Я ждал это время, и вот это время пришло,

Те, кто молчал, перестали молчать.

Те, кому нечего ждать, садятся в седло,

Их не догнать, уже не догнать.

Тем, кто ложится спать —

Спокойного сна.

Кино — Спокойная ночь


Пока вся семья рассаживается по местам, отец приглушает звук на своем ноутбуке, но не выключает музыку. Она горит где-то на заднем фоне, и это группа «Кино». Забавно вообще, что он ее знает. Нет, конечно не это забавно, а то, что она звучит в сердце этого дома, которое он для себя определил. Ему ведь здесь нет ничего дороже его кабинета, что сейчас наполняется голосом революционера. Стихами, его мыслями, чувствами. Для блюстителя порядка и правил, это очень неожиданный выбор аккомпанемента.

Краем глаза вижу, что Лекс сверлит меня взглядом, и хмурюсь. Чего он хочет? Ах да, понял. Я веду себя слишком расхлябанно, заставляю нервничать семью, брат мне это и пытается донести своим суровым вниманием, слегка мотает головой, даже одними губами говорит: «остановись». Я в ответ на это усмехаюсь, опуская глаза на свои руки. Слышу звон стекла — отец наполняет еще один стакан виски, смакует его пару долгих, молчаливых мгновений. Никто не смеет перебить данное лицедейство, да и зачем? Всем нам прекрасно известно, что после драматичной паузы польется дерьмо, как из рога изобилия, и оно попадет на каждого. В этих стенах чистым остаться очень и очень сложно, особенно, если каждый разговор с родителем заканчивается так, как наш: в случае меня, Миши и Лекса коробкой распечатанных свиздюлей, в случае девочек тазом слез.

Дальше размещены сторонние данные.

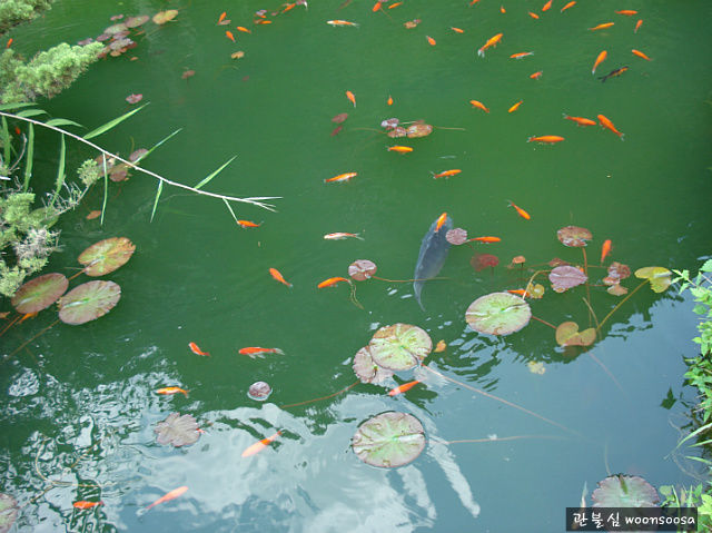 그 아래로 연못에 한가롭게 노니는 물고기 떠있는 수련잎과 어우러져 참 예뻤고

— Когда я был молодым, обожал Цоя.

Неожиданное начало в квадрате. Я поднимаю взгляд вместе с бровями, но отец, сложа ноги на столе, даже не думает поворачиваться. Он держит стакан с виски у лица и странно улыбается. Для меня вообще странно видеть его улыбку, но сейчас она сама по себе необычная, даже для нормального человека. Какая-то слишком уж болезненная…

— …Это был чудесный вечер. Восемьдесят шестой год, Киров, начало зимы…у вашей мамы молния заела на сапогах, а я старался ее починить, не смотря на то, что пальцы все аж онемели от холода…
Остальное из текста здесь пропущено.